“Let the Children Come” – the Heart of Catholic Education

As parents, we decided early on that there was no way we’d be sending our children to public schools, and, not much later, that there was no way we’d be sending them to the Catholic schools available in our neighborhood. I’ve got a lot to say on this topic, but let’s, as they say, get back to basics:

Jesus said, “Let the little children come to me, and do not hinder them, for the kingdom of heaven belongs to such as these.”

– Matthew 19:14

Several things to note here:

Jesus is attractive. His instruction to his followers is most definitely NOT ‘Make the little children come to Me’ – children, being people, are attracted to Jesus, and will want to come to Him of their own volition. Our job, as parents, teachers and fellow Christians, is to STAY OUT OF THE WAY.

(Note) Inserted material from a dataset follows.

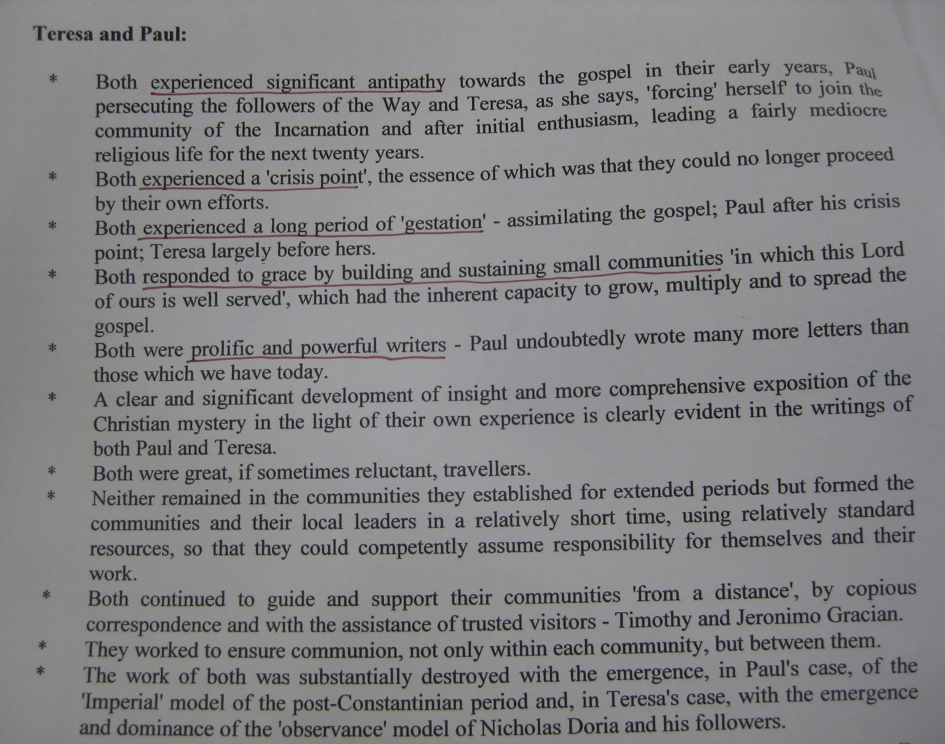 Whether she was explicitly aware of it or not, Teresa established her communities on the same model employed and developed by Paul of Tarsus:

The disciple’s natural reaction to kids trying to climb all over Jesus is to restore order – and Jesus rebukes them for it! We are similarly rightly rebuked if we think order  is the chief characteristic of solid Catholic education. As GKC says: children will learn what it is you assume, while doing their best to ignore what it is you say.

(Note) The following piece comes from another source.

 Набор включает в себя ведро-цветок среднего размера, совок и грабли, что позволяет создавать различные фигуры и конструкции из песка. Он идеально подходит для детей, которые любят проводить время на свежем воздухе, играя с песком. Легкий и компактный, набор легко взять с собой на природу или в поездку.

Catholic education consists first and essentially of being loved by good Catholics. Let me repeat that: Catholic education consists first and essentially of being loved by good Catholics. That’s how children, in the natural order of things, come to know and believe in a loving God. Only then does catechetical instruction work, and only by way of explaining and expanding on the experience of God made possible (secondary cause at work here!) by the example of loving Catholics.

So, what would a good Catholic school look like?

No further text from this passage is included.